Pre Calculus Question

You will want to use the formula A = P(1 + r)^t to find simple interest. In place of A put 10,000, in place of P put 5000, in place of r put 0.059 and in place of t put t since you are finding that value. After doing this, you have 10,000 = 5000(1 + .059)^t. Divide both sides by 5000 and you get 2 = 1.059^t.

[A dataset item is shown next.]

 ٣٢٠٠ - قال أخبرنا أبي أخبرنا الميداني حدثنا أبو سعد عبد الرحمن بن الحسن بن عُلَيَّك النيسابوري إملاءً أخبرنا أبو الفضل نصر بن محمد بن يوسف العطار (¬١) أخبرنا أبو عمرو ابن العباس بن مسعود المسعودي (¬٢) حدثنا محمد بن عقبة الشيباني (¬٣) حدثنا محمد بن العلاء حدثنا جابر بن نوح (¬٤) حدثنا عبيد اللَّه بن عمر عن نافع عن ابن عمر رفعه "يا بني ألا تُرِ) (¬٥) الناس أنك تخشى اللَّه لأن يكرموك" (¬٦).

Then take the log of both sides: log 2 = log (1.059)^t. Use your rule of logs to simplify the right side to log 2 = t log 1.059. This simplifies to 0.30103 = 0.02490t. Divide both sides by 0.02490 and you get t = 12.1 years.

To work out compound interest, use the formula A = P(1 + r/n)^(nt). Substitute 10,000 in place of A, 5000 in place of P, 0.059 in place of r and 12 in place of n since it is compounded monthly and there are 12 months in a year. We then get 10,000 = 5000(1 + .059/12)^(12t). Divide both sides by 5000 and you get 2 = 1.00492^(12t). Then log both sides and you get log 2 = log 1.00492^(12t). Use your rule of logs to simplify to log 2 = 12t log 1.00492. Then divide both sides by log 1.00492. This gives log 2 / log 1.00492= 12t. Simplify the left side to get 141.23 = 12t. Divide by 12 and you get 11.8 years

This time use the formula A = Pe^rt since it is compounded continuously. Substitute 10,000 in place of A, 5000 in place of P, and 0,059 in place of r. This gives 10,000 = 5000 e^0.059t. Again divide both sides by 5000 and you get 2 = e^0.059t. Take the natural log of both sides to get ln 2 = ln e^0.059t . Simplifying the right side gives you ln 2 = 0.059t. Then divide both sides by 0.059 and you get 11.7 years.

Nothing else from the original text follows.